Charles Picqué (born 1 November 1948) is a Belgian politician. He is a former Minister-President of the Brussels Capital-Region.

After obtaining a master's degree in economics at the Institut d'administration et de gestion at the Louvain School of Management (University of Louvain), he made his first steps in politics in the Brussels municipality of Saint-Gilles, where he has been mayor since 1985.

Deeply concerned by urban issues in general and Brussels urban issues in particular, he has devoted a large part of his political activity to promoting and defending Brussels' role and rights as a full region – at par with the two other regions of Belgium – within the institutional framework of the Belgian state.

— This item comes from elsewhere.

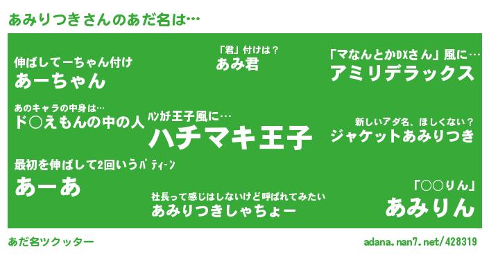 | 女子向けラノベタイトル風あだ名 | 『あみりつきの婚約者』『あみりつき恋絵巻』『あみりつき姫と円卓の騎士』 |
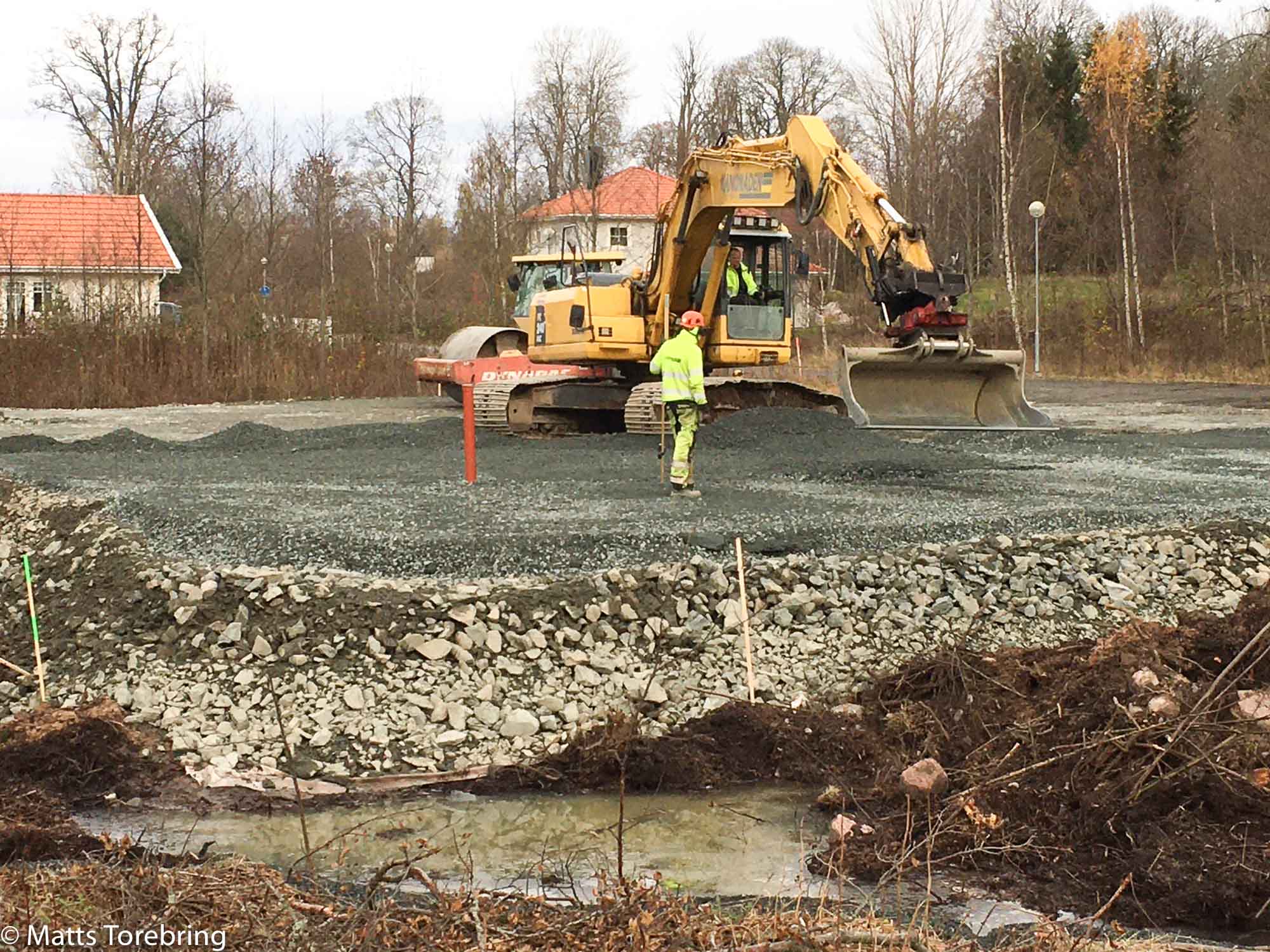 Så här såg det ut vid lunchtid idag, knappt tre dagar senare. Om vi inte behövt invänta svar från markmätningen, hade vi kunna börja lägga grunden i morgon. Vilken fart det blev på en enda gång.

When the government of the Brussels-Capital Region was established in 1989, he became his first Minister-President with two mandates that lasted until 1999. In July 2004, he was reappointed to the same position.

In 1999, he was appointed Special Rapporteur for the Federal Government on Policies in support of Major Cities. During his mandate as Minister of the Economy and Scientific Research – from 2000 to 2003 – he maintained this responsibility, and played a key role in introducing measures to support Belgium's large cities in coping with the specific problems typical of major urban agglomerations.

During his leadership of the Brussels-Capital Region, he has pushed strongly for urban regeneration and social cohesiveness, with a strong emphasis on the areas of the Brussels Region which face the most serious problems.

In 2007, he launched another important project, an International Development Plan for Brussels, or IDP. The initiative involves the complete renewal of ten major sites within the city, and aims to strengthen the role of Brussels as the capital of Europe and as a major European city with a strong international vocation.

In the current negotiations on institutional reform, his main priority is to defend Brussels' status as a full region, to emphasize the fundamental importance of the Brussels economy for Belgium and for the other two regions, and to promote its natural role – as Belgium's only bilingual Region – in improving ties and cohesion between the country's French and Dutch-speaking communities.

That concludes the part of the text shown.